Now, imagine putting that much effort not into a real metropolis, but a fictional city from a popular video game. Product designer Dom Riccobene spends his time creating “data sculptures” from real-world data, but, due to the COVID pandemic, he found himself applying his talents to recreating the virtual world of Grand Theft Auto V with 3D printing. It’s incredible the level of detail, scale and accuracy that went into the map.

Running a custom script, Riccobene scanned the terrain and building in GTA V. Ground elevations in a 500–1,000-meter radius are collected around the player and up to 1,000,000+ data points can be added by pressing a hotkey in each scan. The entire map is not spawned at once, so Riccobene had to slowly scan it by hand using this script. He calculates that it took around 100 hours before he had all the necessary data for his data sculpture.

From there he needed to merge the point clouds and change the dataset into real world information to to manipulate, analyze and process it with professional mapping and cartography software. He then collected actual coordinates of the Earth and mapped them to the 500 million coordinates he had accrued. With this information, he was able to generate an elevation grid, thereby using his tools and software to begin printing the map.

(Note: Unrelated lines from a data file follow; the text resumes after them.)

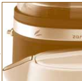
IMAGEN 5: LA LUZ INDICADORA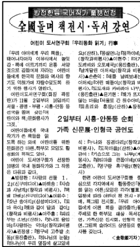
〈그림 9〉 “방정환 등 국내작가 동화 선정 전국 돌며 책전시 독서강연”(『中央日報』, 1994.10.28).

년도에 12개 초등학교 4, 5, 6학년 614명을 대상으로 실시한 ‘어린이 독서경향 및 독서환경 실태조사’ 결과에 따르면, 학생들이 가장 좋아하는 책이 명랑소설(23.5%)과 공포추리소설(22.1%)로 나타나 흥미 위주의 독서경향을 보였다. 또 책의 구입면에서 어린이가 직접 사는 경우(42.3%)가 어른이 사주는 경우(20.8%)보다 훨씬 많아 범람하는 아동 도서시장 속에 어린이들이 무방비 상태로 놓여있는 것으로 드러났다. 71)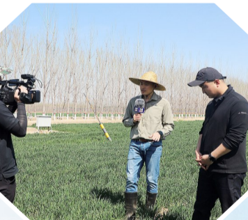
数字农业相关做法连续多次被央视、新华社等中央媒体深入报道。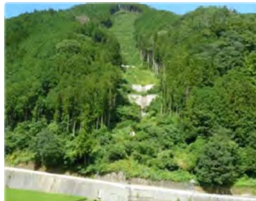
【山地災害跡地への 治山施設整備】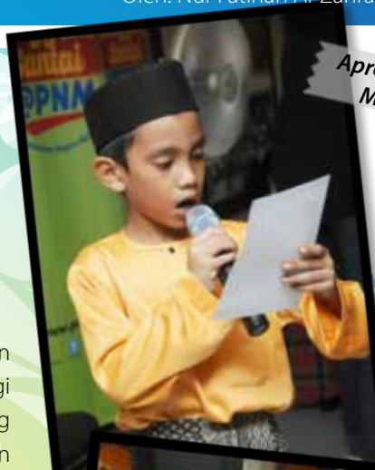
Apresiasi Puisi Merdeka

Aktiviti ini diadakan sempena sambutan bulan kemerdekaan ke-58 dan sambutan Hari Malaysia. Objektif aktiviti adalah bagi menerapkan nilai-nilai patriotisme di kalangan pengunjung perpustakaan. Di samping itu, aktiviti ini juga bertujuan mempromosikan perkhidmatan dan koleksi bahan bacaan yang terdapat di perpustakaan dalam usaha memperkasakan budaya membaca di kalangan masyarakat.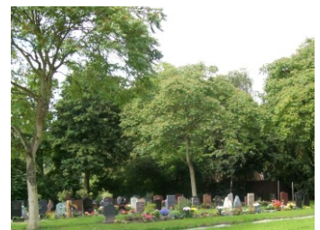
Particuliere graven (Holy)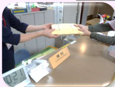
フロントサービス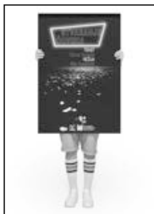
СТВАРАЊЕ ЧОВЕКА НАРОДНО ПОЗОРИШТЕ ЛЕСКОВАЦ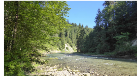
Ammer zwischen Bad Bayerstein und dem Kraftwerk Kammerl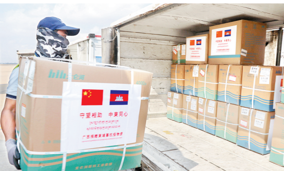
2020年3月23日,在柬埔寨首都金边,机场工作人员搬运中国援柬医疗物资。

Each tile for this map also varied in print time, from an hour to 12.

“I used a proprietary workflow to turn the tiled dataset into polygons as 3D printable meshes,” Riccobene said. “Each tile is an 800 mb 3D model. From there it was a matter of trial and error dialing in my 3D printing settings to print buildings, terrain, and the water features in black, all at once. They also needed to fit together seamlessly as an assembly.”

Riccobenne assembling the 3D printed tiles.

In total, it required approximately 125 hours to print out the GTA V 3D map. He’s posted the behind-the-scenes process on his Instagram. Just as I was with my replica of LA, Riccobene is thrilled with the results and tremendously enjoyed the project, regardless of the time and hours that went into making it. Whether you are mapping a virtual world or a real city, 3D printing is expanding the landscape of cartography in highly imaginative ways.